Data can also be collected externally. You may purchase data or take data from free and open-source sites. However, be mindful that if copyright laws exist, you want to ensure that the data you purchase or get for free can be used for your intended purpose. 

#3. Start a data governance plan from the beginning

As new laws and regulations start to take shape in the AI space, it is important that you learn which data is considered private information in your industry, country and the features of your application. You will need to track where you collected the data and can explain to someone how you intend to use the data. 

In some cases, when you are handling sensitive data, you’ll need to oversee how that data is being used and that you are not breaking any laws for accidentally mishandling them.

When your team is small and you are contracting people to help build your product, they may not have time to do all the data collection and management logistics. You will need to be responsible for all the data you collect. 

I think it is smart to start planning how you collect, manage and use the data. So that when new regulations call for it, you are already and ahead of the game.

#4. Find a solution to the problem that has the biggest impact, but a narrow focus

When data is so important to the success of the application, you don’t want to be in a situation where you spend too much time collecting data that may be irrelevant to the problem you are solving or doesn’t bring an immediate impact.

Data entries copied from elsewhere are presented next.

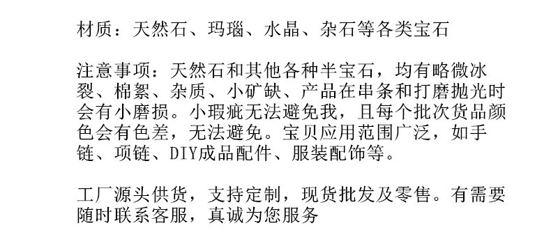 4:天然的石头,水晶不可避免有天然的棉絮,冰裂,矿缺,单珠大小有差异,请亲们拍下前细心阅读描述。
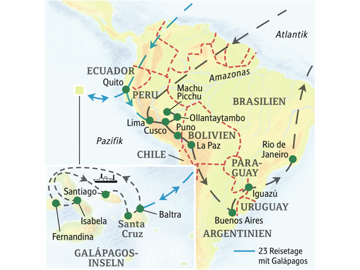 • Freuen Sie sich auf Lima, Machu Picchu, La Paz und Buenos Aires
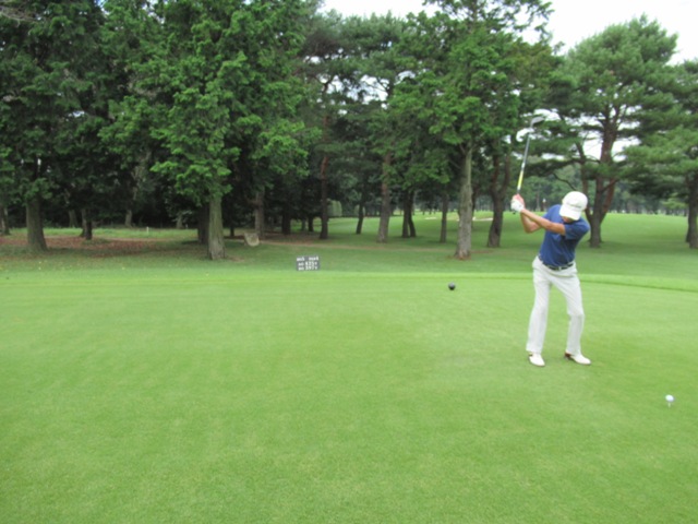 8番173yショートは、7アイアンで打つも竜巻球でバンカーイン。フカフカバンカーからなんとか1ピンへ。今度はパターが決まってパー奪取。しっかり手前10mに1オンしていたK.Nさんが無難にパー。
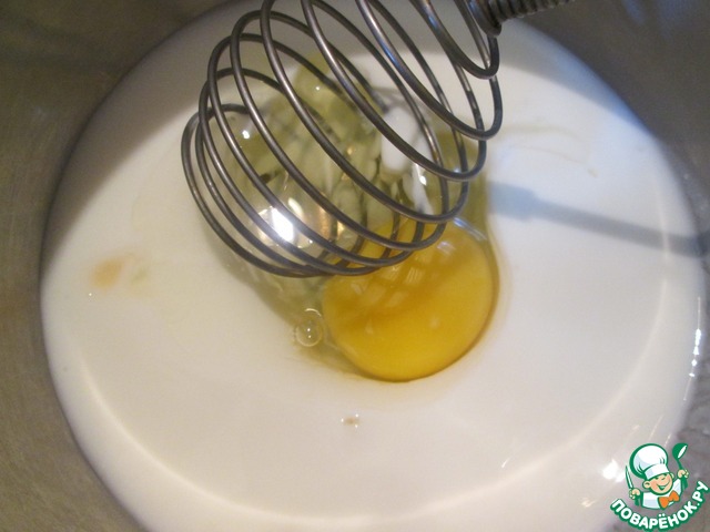 Венчиком взбиваем кефир с яйцом и ванильной эссенцией.
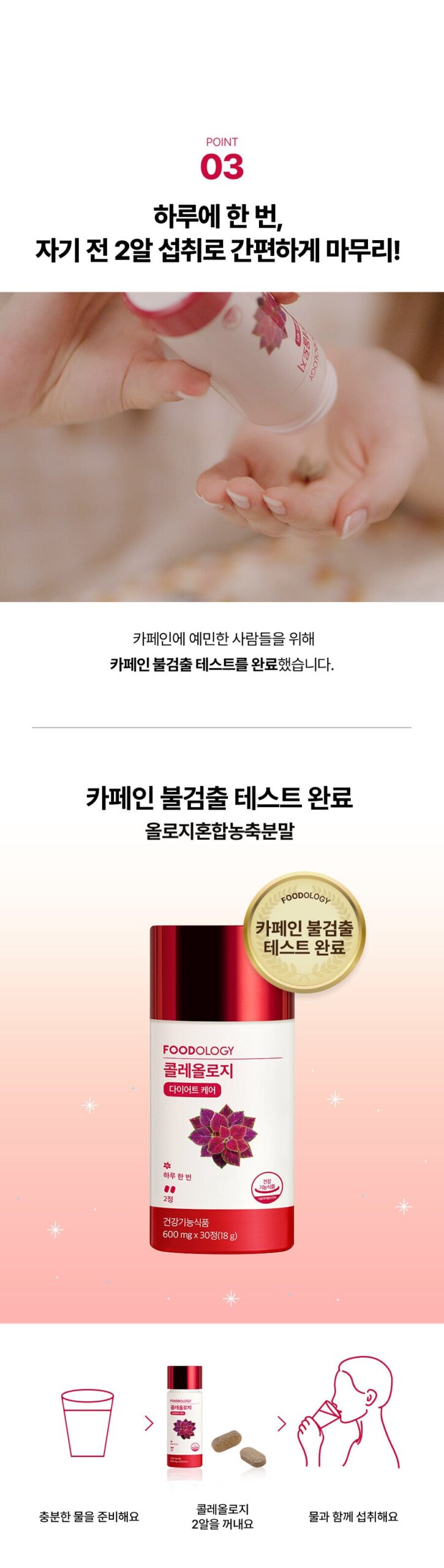 Foodology Coleology is a health functional food that has passed the evaluation of the Ministry of Food and Drug Safety, such as product safety and functionality, standards and specifications.

It is costly and timely.

If you seek to gain maximum results right away, you need to be looking narrow but not too narrow so that your solution doesn’t provide value to the customers or people using the AI system. 

Take a look at automatic-driving vehicles. To date, these technologies haven’t been successful at being on the road with other vehicles. The reason is that companies are collecting as much data as possible. Just getting the car to stop at a stop sign requires tons of data. There are stop signs with lights. There are stop signs with symbols. Then you have to collect data on where the stop signs are located. Is it front, to the left or right side or above? Are they slanted or perfectly upright? What about the person managing the crosswalk or the police directing traffic? How does all of this work in your state, province, or country?

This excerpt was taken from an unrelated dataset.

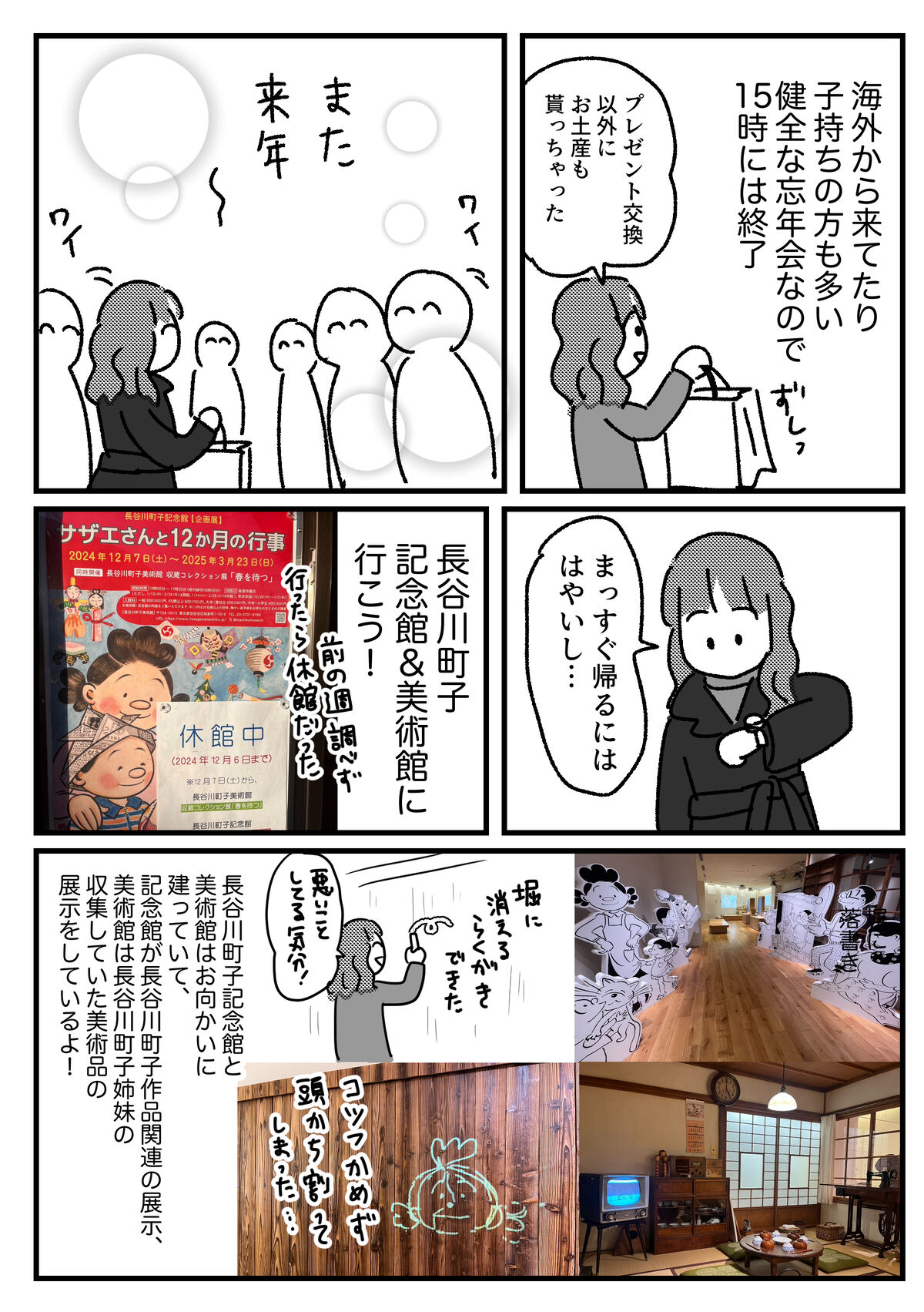 ライブドアクリエイター大忘年会2024の話⑤【終】 2025年01月20日 その①その②その③その④寂しさや嫉妬はない私は私で最高のアフターを過ごしていたのでただこうやって皆さん想像以上の親睦をちゃんと深めているのだなとへへへ 私は原作派なのですが、長谷川町子先生の絵や色使いはたいへんおしゃれでかわいいので大好き時間足りなかったけど喫茶も行きたかった前回記事の1件コメント返信呼び方しっかり決まっている訳ではないんですね?ライバル…!↓読者登録すると、通知で更新情報が届きます!(ライブドアアプリをインストールする必要があります)InstagramXthreads(スレッズ)Bluesky(ブルースカイ)↑最近Xが危ういので記事更新SNS色々↑↓応援クリック嬉しいです!おもしろ日記ランキングにほんブログ村 「ブログのこと」カテゴリの最新記事 < 前の記事次の記事 > コメント コメント一覧 (2) 1. はる 2025年01月20日 19:37 恵水さんの漫画、行動、好きだなぁーって思います! 0 恵水 がしました 2. くま 2025年01月22日 05:33 まきびし、も〜さんに当たっておられましたね。絵日記界隈です観測できて勝手に嬉しい気持ちになっています(笑) 0 恵水 がしました コメントフォーム 名前 コメント 記事の評価 リセット リセット 顔 星 情報を記憶 コメントを投稿する

Suddenly you see that there are so many visuals for stopping a vehicle. Collecting all these data can take years, but by starting small. One company focused on building an autonomous vehicle for one retirement community. where homes, crossroads, street lines, and roads are so predictably the same. They were able to get all the necessary data to build the autonomous vehicle. They didn’t try to start building a vehicle for anywhere and everywhere.

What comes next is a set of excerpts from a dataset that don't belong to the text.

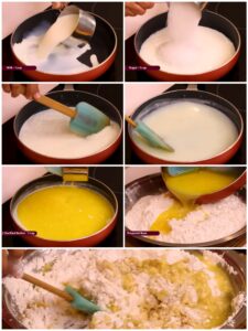 सगळ्यात आधी एका पातेल्यात दूध आणि साखर एकत्र करून गरम करायची. साखर पूर्णपणे विरघळेपर्यंत हे मिश्रण गरम होऊ द्यायचं आणि एक उकळी आली की गॅस बंद करायचा. या मिश्रणाचं तापमान थोडं कमी झालं की त्यात साजूक तूप घालायचं. हे तूप घट्ट नको, हलकं वितळलेलं असावं.
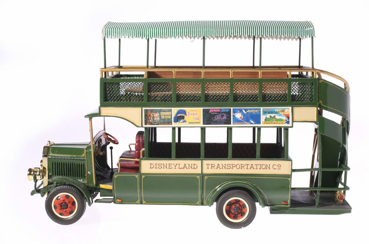 (Disneyland, 2005) Beautiful scale replica of the Main Street Omnibus, created for Disneyland's 50th Anniversary celebration. Designed by Imagineers Kevin Kidney and Jody Daily, the bus was produced in an edition of only 500 pieces. Measures 15.75"x8.75" and 11.75" tall. In its original box and packaging. In very fine condition.
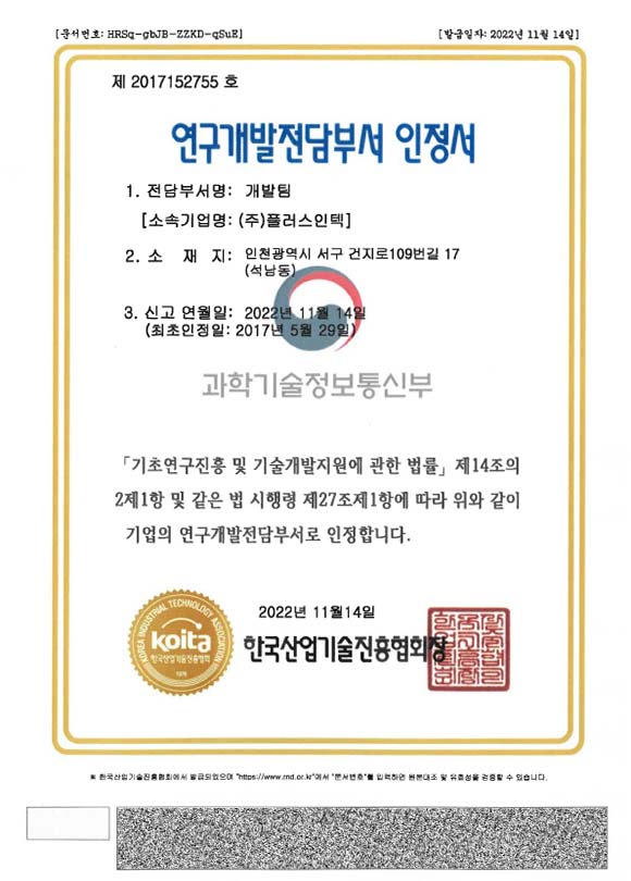 연구개발 인정서
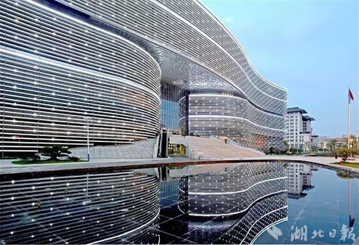 新馆主体造型以“楚天鹤舞、智海翔云”为立意,创造性地提出运用东方绘画的线性之美,勾勒轮廓、表现形体、塑造空间。建筑沿湖层层退台,形成高低错动的空间形态,内部采用轻质灵活的隔断,可对空间作出弹性功能调整,同时是湖北省节能示范项目。
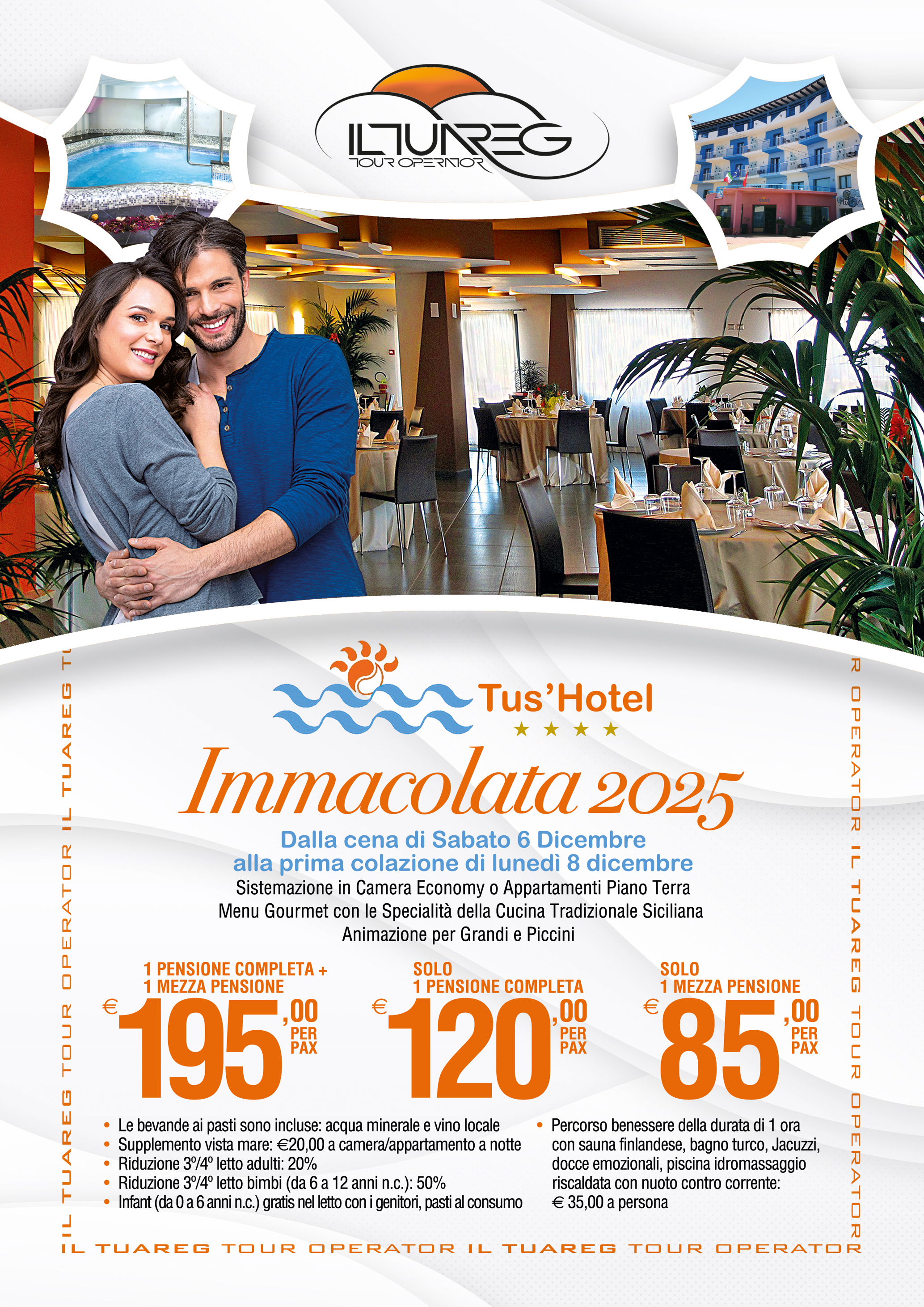 A Castel di Tusa, lungo la costa settentrionale della Sicilia, dove il fascino dell’archeologia di Halaesa e le acque del tirreno si incontrano, sorge oggi il Tus’Hotel. Incastonato tra il mare e la collina, il Tus’Hotel offre ai suoi ospiti una sintesi di storia, cultura, tradizione e modernità. Il suo prospetto moderno, su uno sfondo classico e naturale, racchiude l’eleganza dei migliori servizi alberghieri (piscina, centro benessere, alta gastronomia…) proposti col calore e la cordialità tipici della tradizionale ospitalità locale.

#5. Start looking for someone who has the expertise to build your first model

Once you have your data sorted and you have a use case or problem that you want to build, you then have enough resources to start building the technology. You don’t need a cofounder and shouldn’t spend time looking for one. I believe your time is better spent looking for someone you can hire to reach each milestone. That is freelancers and contractors as needed. Use your advisors as your CTO or tech lead to help direct your product roadmap.

You can find these people on freelance sites, through your network or visiting groups where people with AI want to learn and improve their skills. You aim to start building a basic model to see how the machine performs and learns well. You won’t get the best model on the first try. You may discover that you may need to collect more data or that you need to try different algorithms and techniques to generate better results. As I said, you are going through a trial and error process when building an AI product and tool. Don’t overly invest too soon.

Just get started

Building an AI company is about getting started, building new experiences, and learning new lessons. Don’t worry about not having all your resources upfront. You can always start with one of the five focuses I’ve shared here.

If you are thinking about starting an AI business, get serious and commit to building it today. None of the points that I’ve shared requires you to have a technical background. It is the foundation for building any business.